Botnets are the bane of the internet. Criminals use these groups of computers infected with malicious software to propagate spam, send phishing emails, guess passwords, impersonate users, and break encryption. Their most pernicious use, however, is to carry out distributed denial of service (DDoS) attacks. DDoS attacks harness the power of the individual computers that make up the botnet to send internet traffic to a target, thereby blocking legitimate traffic. As much as 30 percent of all internet traffic may be attributable to botnets, and most of that traffic is from DDoS attacks.
Most DDoS attacks are criminal in nature, often used by companies to take down their competitors’ websites or servers; however, China, Russia, and Iran have all harnessed botnets for geopolitical purposes. A motivated nation-state actor could easily harness millions of systems to shut down countries’ domestic networks or target core internet infrastructure and shut the internet down globally. For foreign governments, there are certainly scenarios where they might judge such actions to be to their advantage.
Cybercrime today may cost the global economy $600 billion per year, with much of that loss tied to botnets, and those losses are only set to grow. About sixteen billion devices are connected to the internet today, and both that number and the number of vulnerable and infected devices are expected to double in the next five years. Even if only the tiniest fraction of these devices is infected with botnets, malicious actors will have enormous disruptive potential at their disposal. Thus an ambitious goal of zero botnets is necessary.
To achieve that goal, information security experts first need to do a better job of measuring current botnet activity and set incremental goals for reductions.
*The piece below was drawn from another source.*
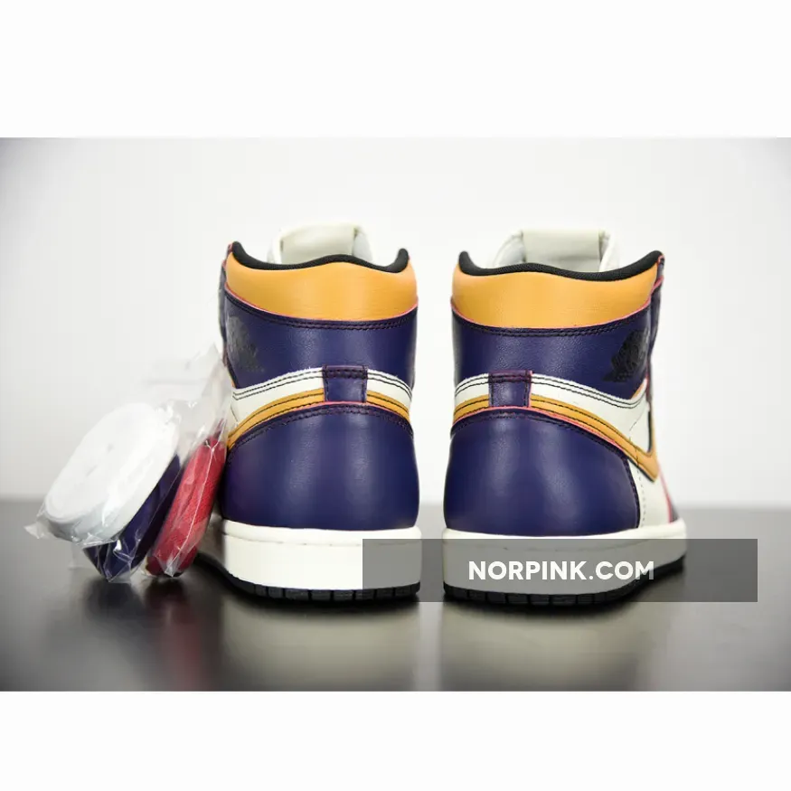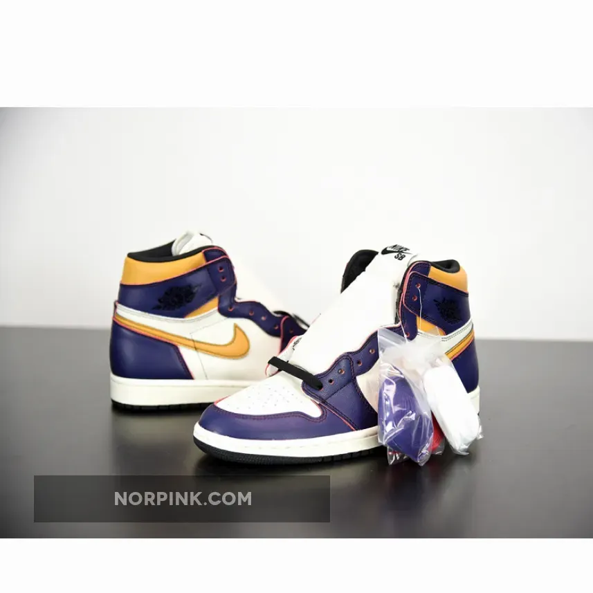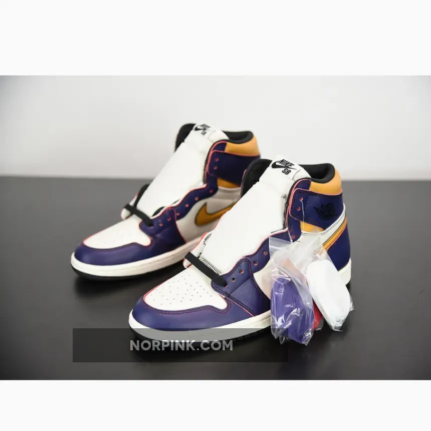 This Air Jordan 1 was originally spotted on the feet of Nike SB team rider Theotis Beasley that comes in a Los Angeles Lakers color scheme. It features a White leather toe box and side panels with Purple trimming along the toe, eyelets and heel, and Yellow on the Swoosh logos and collar. Much like previous Nike SB releases, this one will have a wear away design that looks to have a Chicago-like scheme underneath.

Nations and international institutions should then work to establish the principle that states are responsible for the harm that botnets based within their borders cause to others. When governments are unable or unwilling to be responsible, other states may be justified in taking action, in or out of the cyber domain, to thwart cross-border effects. Similarly, at the internet service provider (ISP) level, good stewards of online spaces need to hold other ISPs accountable for the bad traffic leaving their networks. The makers of devices that are vulnerable to becoming parts of botnets need to be incentivized to secure their devices, and the resellers of those devices should use their leverage to hold them accountable. Hosting providers, name registrars, and other components of the internet ecosystem that are used by botnets should be pressured to police themselves and prevent their services from being used for criminal purposes. Finally, when these measures fail to suppress the growth of botnets, an ongoing international effort to take down botnets is necessary.